Project : Tracking Model training with MLflow
This project falls under the jurisdiction of AUTODESK CONSTRUCTION SOLUTIONS intelligence team. The project is about the ability to track model training and means to trigger training a new model when new data is available. This project makes the newly available labelled data available for training new model.
This project entailed the use of technologies like python as coding language , mlflow services like mlflow tracking , mlflow ui, mlflow models, mflow model registry for training and tracking the runs and storing artefacts and aws services like aws ec2, aws ecr, aws s3 , aws fargate , aws vpc , aws iam, aws cloudformation , aws sagemaker training jobs for creating mlflow deployment server.
Docker services like docker images , docker containers to create images , shell scripting to create DockerFile . Html , css, javascript , bootstrap for front end user interface to run training job and Flask to run the web application. Git for continuous integration.
Main Phases Implemented
Logging local training runs to local MLFlow tracking server:
Already existing ML model is integrated with mlflow python sdk and the run details , parameters , metrics and artefacts are recorded using the mlflow module and run locally.

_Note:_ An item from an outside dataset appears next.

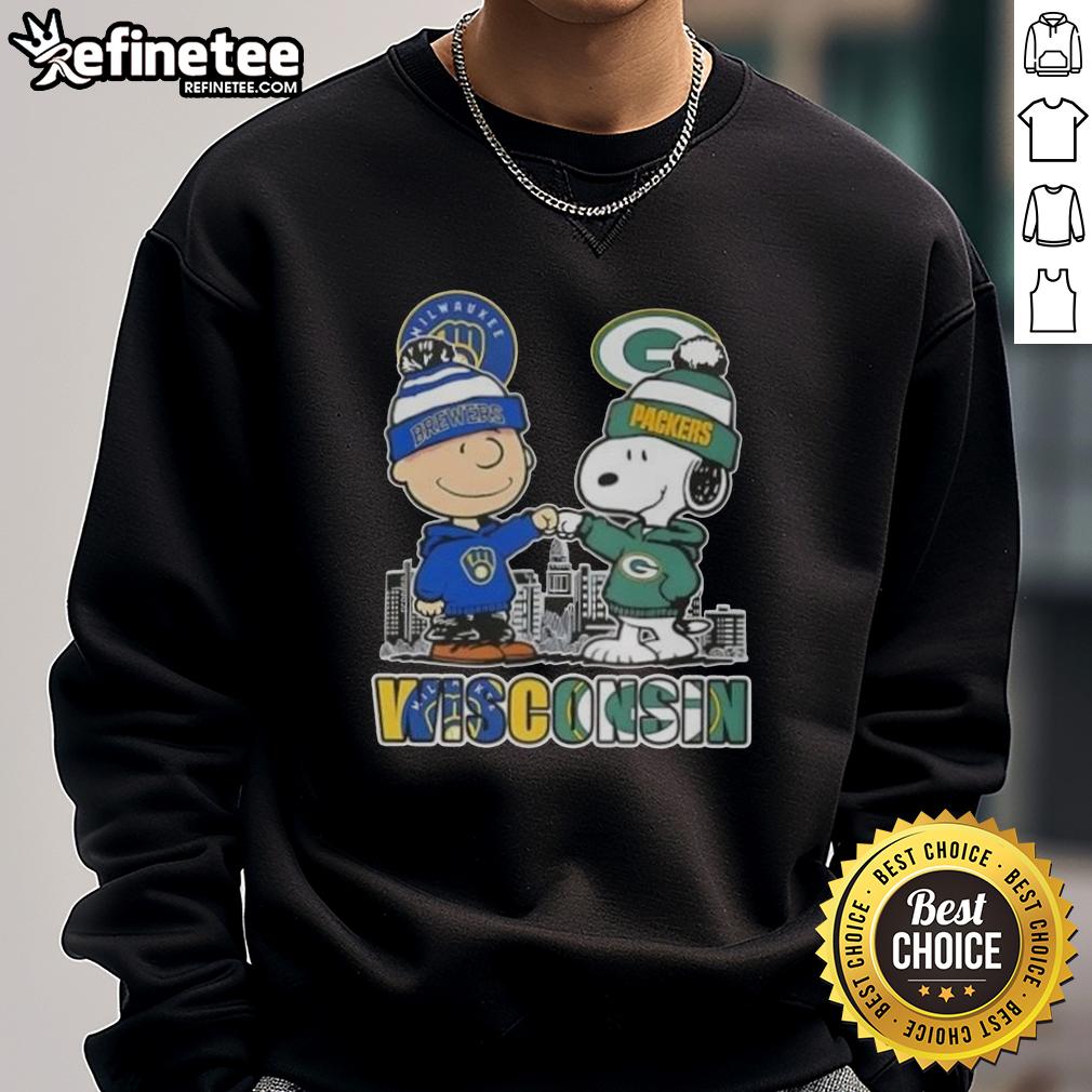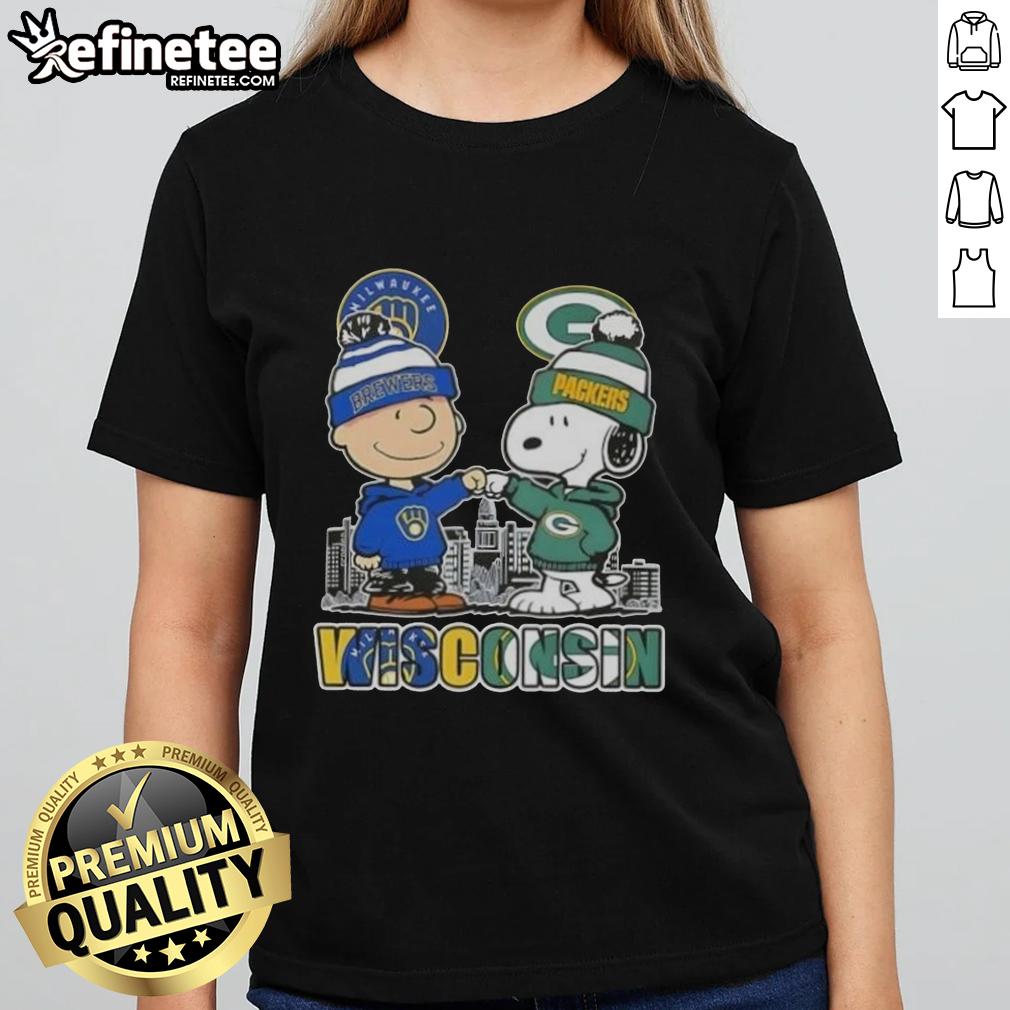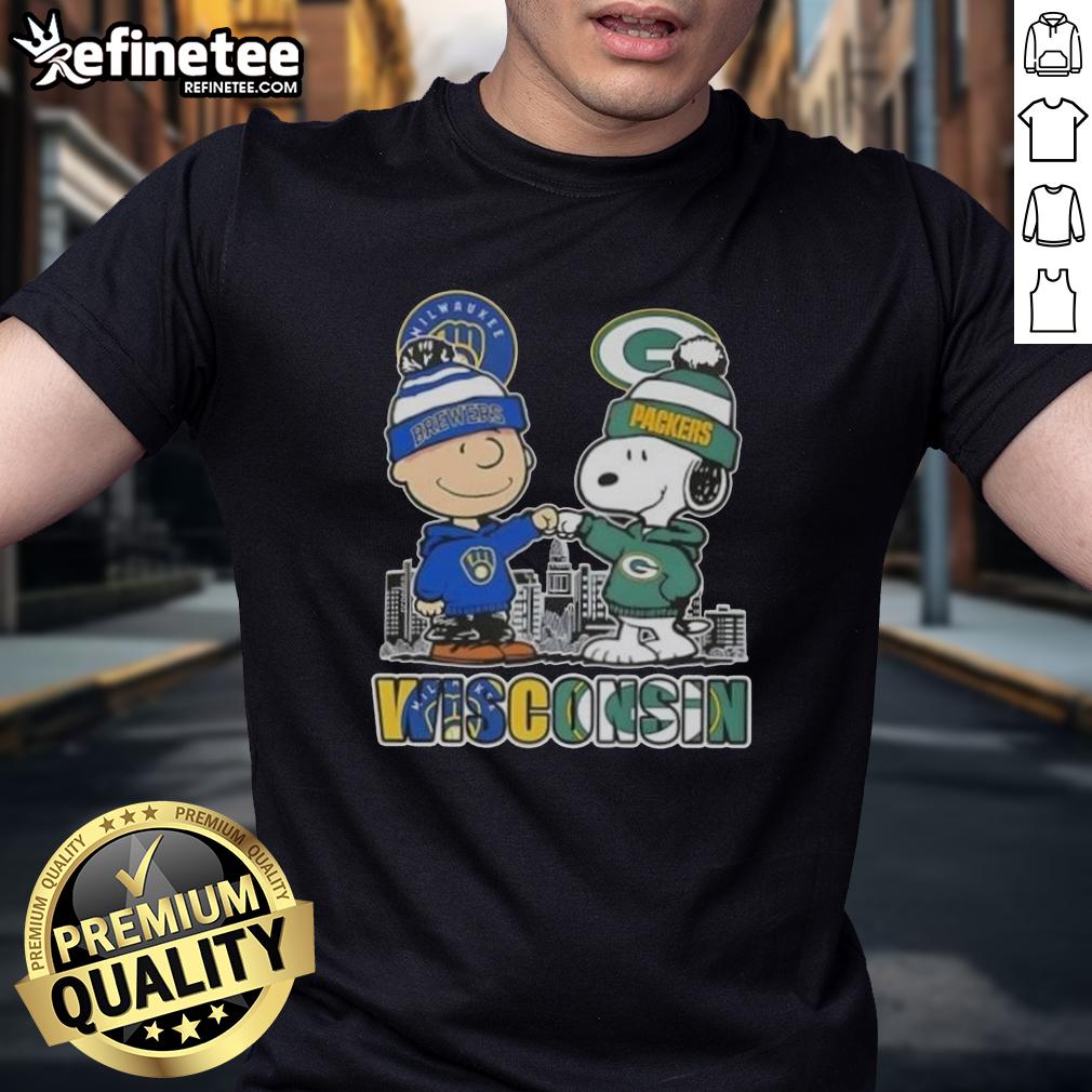 Premium Snoopy And Charlie Brown Wisconsin Sports Milwaukee Brewers X Green Bay Packers Skyline T-Shirt

Logging local training runs to hosted MLFlow tracking server :
Mlflow server is hoisted in aws fargete services using docker mlflow server image stored in aws ecr and making run data stored in aws s3.
Creating training job:
After hoisting the mlflow server we created a sagemaker training job using a self -built docker image which contains all the ML code . The way the model works is it takes s3 path to new data from container environment variables and the model version that we want to take old data which is stored as an artefact and combine both data and send them for training. The model versioning is achieved by storing the current model as an artefact and registering the model with some version . MLflow also supports the features of keeping models in staging and in production.
Additional Step:
As part of an additional step we created a web application using html , css , python, and flask for the demonstration of the project. Though the trigger is implemented as a web service for now it can be implemented as a lambda or can be a part of a bigger training pipeline.